Skip to main content
Khadidja Hassan Zidane testifies during the trial of the former dictator of Chad Hissène Habré in Senegal on October 19 and 20, 2015. She and other women described their experiences in the desert camp at Oudi-Doum, where nine women and girls were allegedly forced to serve the soldiers of Hissène Habré’s army.  © 2015 Radiodiffusion Télévision Sénégalaise

Khadidja told me she had been repeatedly tortured, and imprisoned in Hissène Habré’s presidential palace in N’Djamena. She had promised me that the day she came face-to-face with the former president, whose brutal rule in Chad lasted from 1982 until he was ousted in 1990, she would reveal what she had really experienced. Khadidja kept her promise.

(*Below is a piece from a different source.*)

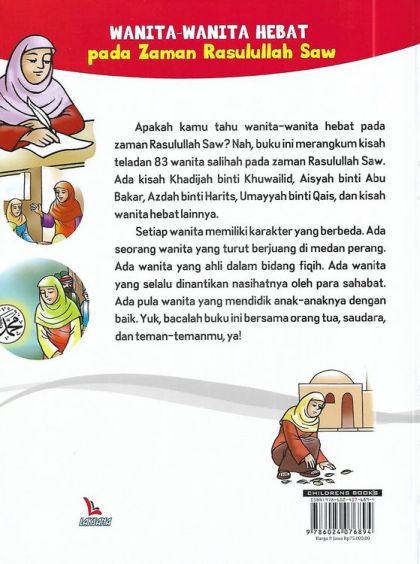Penyebaran dakwah Islam tidak hanya dilakukan oleh sahabat laki-laki Rasulullah, ada juga tokoh-tokoh wanita pada zaman Rasulullah yang ikut menjadi peran penting dalam menyebarkan agama Islam. Tidak hanya menyebarkan hukum-hukum Islam saja, wanita-wanita hebat pada zaman Rasulullah memiliki jasa lain yang luar biasa, seperti mendidik anak-anak agar menjadi generasi penerus Islam, serta ikut serta dalam meriwayatkan hadis-hadis Rasulullah saw. Apakah kamu tahu siapa saja wanita-wanita hebat pada zaman Rasulullah saw.? Buku ini merangkum kisah-kisah teladan dari 83 wanita salihah pada zaman Rasulullah saw. Ada kisah Khadijah binti Khuwalid, Aisyah binti Abu Bakar, Azdah binti Harits, Umayyah binti Qais, dan kisah wanita hebat lainnya. Tokoh-tokoh wanita yang mucul dalam buku memiliki karakter yang berbeda-beda. Ada wanita yang turut berjuang di medang perang, wanita yang ahli di bidang fikih, wanita yang selalu dinantikan nasihatnya oleh para sahabat, dan wanita yang mendidik anak-anaknya dengan baik. Mereka adalah wanita-wanita hebat yang berani berkorban meninggalkan segala yang dimilikinya untuk kepentingan Islam. Semoga pengalaman-pengalaman wanita hebat pada zaman Rasulullah dapat menjadi contoh teladan yang baik bagi para kaum hawa di zaman sekarang, agar memiliki keimanan yang kokoh terhadap agama islam. Yuk, baca buku ini bersama orang tua, saudara, dan teman-temanmu! Informasi Buku Penulis : Wirasakti Setyawan Harga : Rp56.100 Penerbit : Transmedia Jumlah Halaman : 168 halaman Tanggal Terbit : 25 November 2019 Bahasa : Indonesia ISBN : 9786237100249 SKU : 208044192 Width : 13 cm Height : 19 cm Weight : 0,2 kg Jenis Cover : Soft cover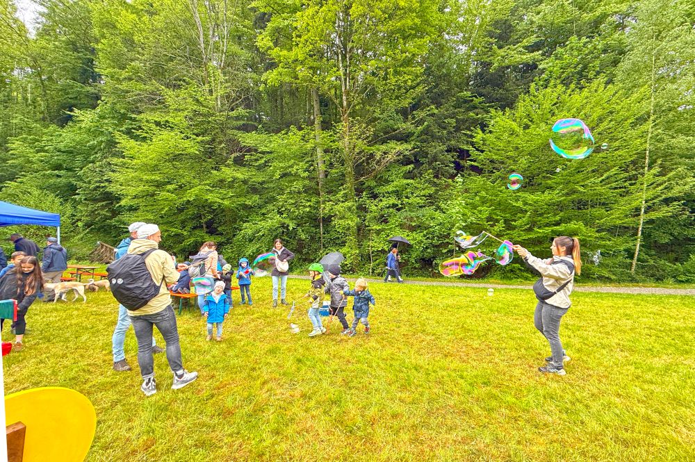 Seifenblasen, Schokokuss-Wurfmaschine und Holzboote

Some reveal it openly, others indirectly. The alleged crimes took place over 25 years ago, but for these women the effects have lingered. Taking the witness stand, they all recounted how they were held prisoner, transported, raped, or tortured. Humiliated, degraded, stigmatized. Still, they had the courage to come to Dakar to testify at  Habré’s trial. Habré is being tried for crimes against humanity, torture, and war crimes by the Extraordinary African Chambers, a special Senegalese court established with support of the African Union.

Each victim called to the stand had trodden the same path: first the wait in a drab Dakar hotel, then the wait in a small windowless room in the Palais de Justice in the Senegalese capital. A bailiff comes for you. You enter the courtroom. The lights are bright and harsh. The courtroom is filled with cameras; the trial is being broadcast via streaming over the internet and on Chadian television.

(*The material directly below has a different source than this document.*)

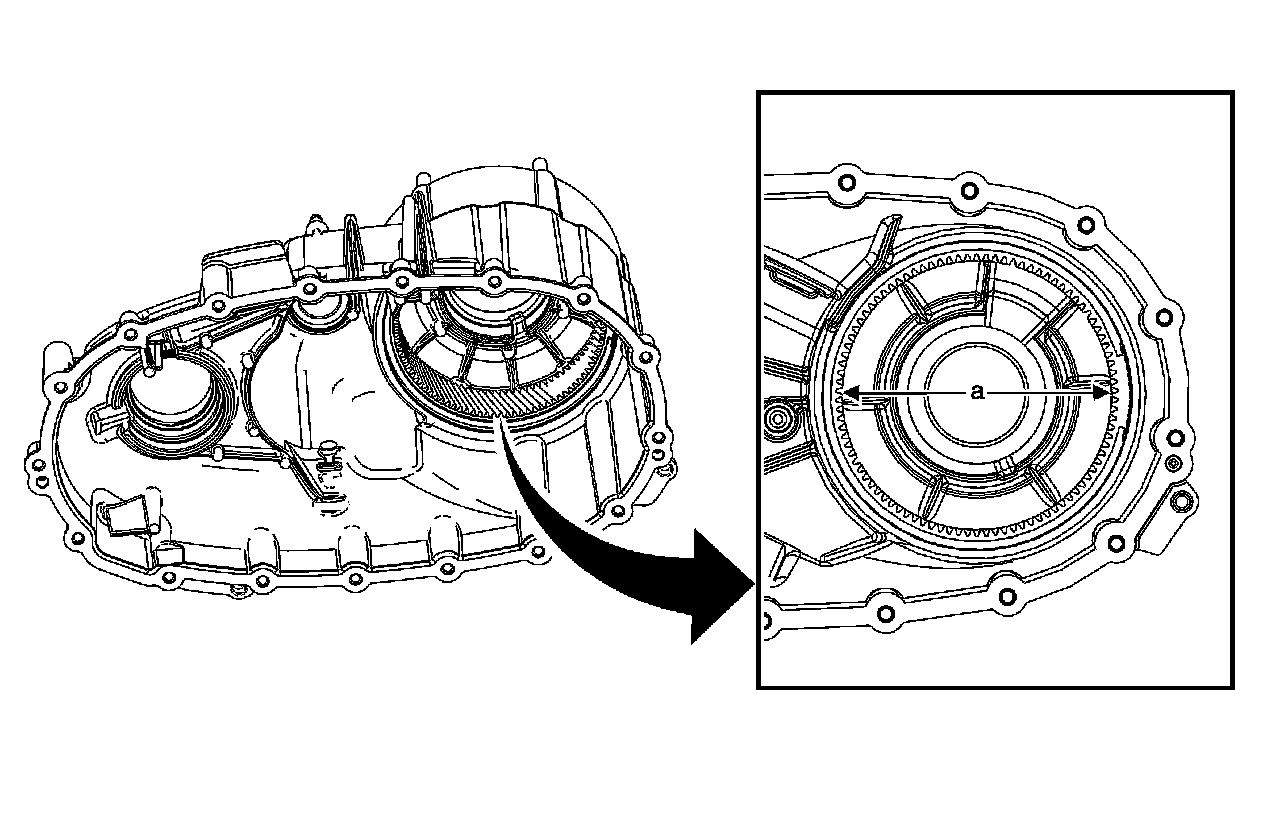 The first design front case half assembly can be identified as having an internal gear that is a 94 tooth design with an inside diameter (a) of 148.5 mm (5.85 in).

To the left: the public, at times as many as several hundred onlookers, some there in support of the accused. To the right: the court officials; two clerks, three judges, four prosecutors, all in long red robes, all looking down at you. All are men, with the exception of one prosecutor. The bailiff walks you toward someone wearing a large white tunic, his head wrapped in a white turban, sunglasses pressed to his nose. There sits the defendant, Hissène Habré, in a leather armchair,

All eyes are riveted on you. Everyone in the room hangs on your every word. You are placed in the middle of the courtroom, eye–level with the former president of Chad, about 15 feet away, also facing the president of the chamber.  He asks you to proceed with your deposition.

Many of the voices are faint as the women begin, trembling, broken. Some cry. The more one has suffered, it seems, the more difficult and painful is the exercise. Until now, sexual crimes have yet to be mentioned at the trial.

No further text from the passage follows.